### [Study material]
▽
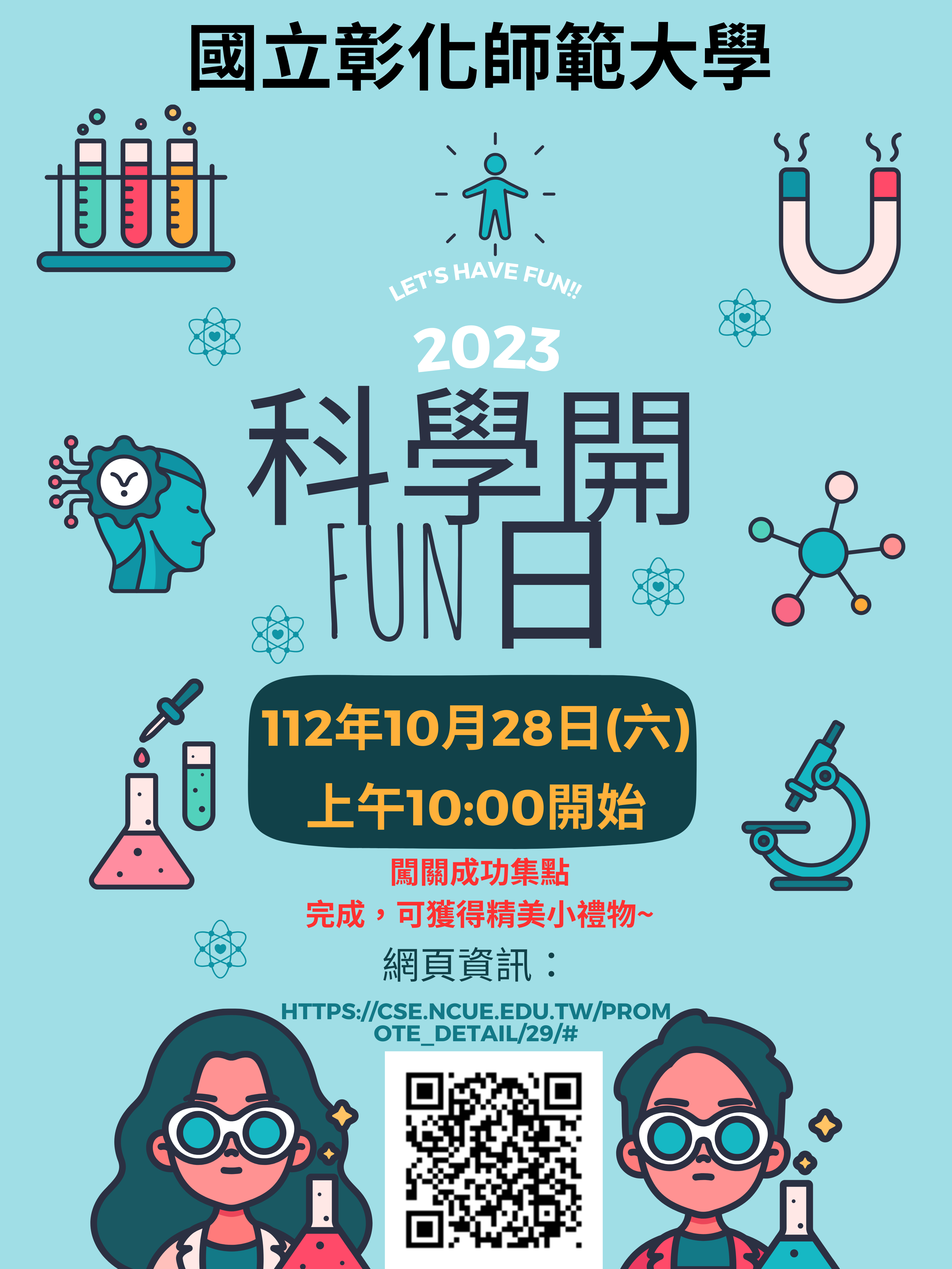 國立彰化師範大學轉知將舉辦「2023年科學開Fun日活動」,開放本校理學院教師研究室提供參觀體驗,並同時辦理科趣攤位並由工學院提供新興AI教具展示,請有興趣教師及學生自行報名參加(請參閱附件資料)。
△
▽
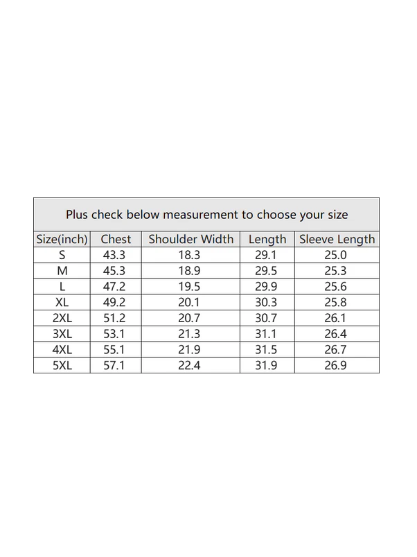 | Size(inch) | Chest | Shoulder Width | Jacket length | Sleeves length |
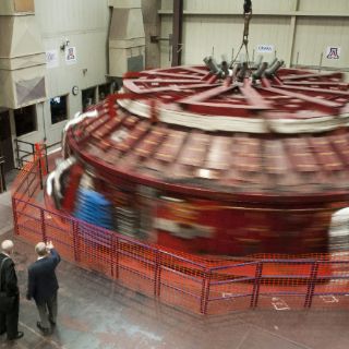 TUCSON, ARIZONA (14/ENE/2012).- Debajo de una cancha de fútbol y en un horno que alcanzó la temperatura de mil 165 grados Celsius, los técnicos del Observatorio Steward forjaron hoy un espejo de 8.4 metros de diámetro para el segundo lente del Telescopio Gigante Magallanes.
△
▽
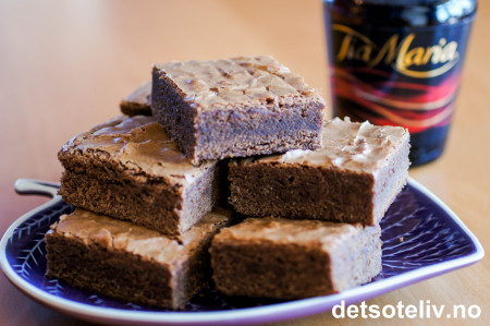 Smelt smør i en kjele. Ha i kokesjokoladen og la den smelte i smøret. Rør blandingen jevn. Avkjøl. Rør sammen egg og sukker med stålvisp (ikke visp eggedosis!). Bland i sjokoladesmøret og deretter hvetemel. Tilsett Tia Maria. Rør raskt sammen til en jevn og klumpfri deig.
△
### [What is required]
Look above for the line with "Sleeves length |", then give again exactly every line from there through the line with "TUCSON, ARIZONA (14/ENE/2012).- Debajo", skipping the pictures.

### [Solution to this exercise]
 | Size(inch) | Chest | Shoulder Width | Jacket length | Sleeves length |
 TUCSON, ARIZONA (14/ENE/2012).- Debajo de una cancha de fútbol y en un horno que alcanzó la temperatura de mil 165 grados Celsius, los técnicos del Observatorio Steward forjaron hoy un espejo de 8.4 metros de diámetro para el segundo lente del Telescopio Gigante Magallanes.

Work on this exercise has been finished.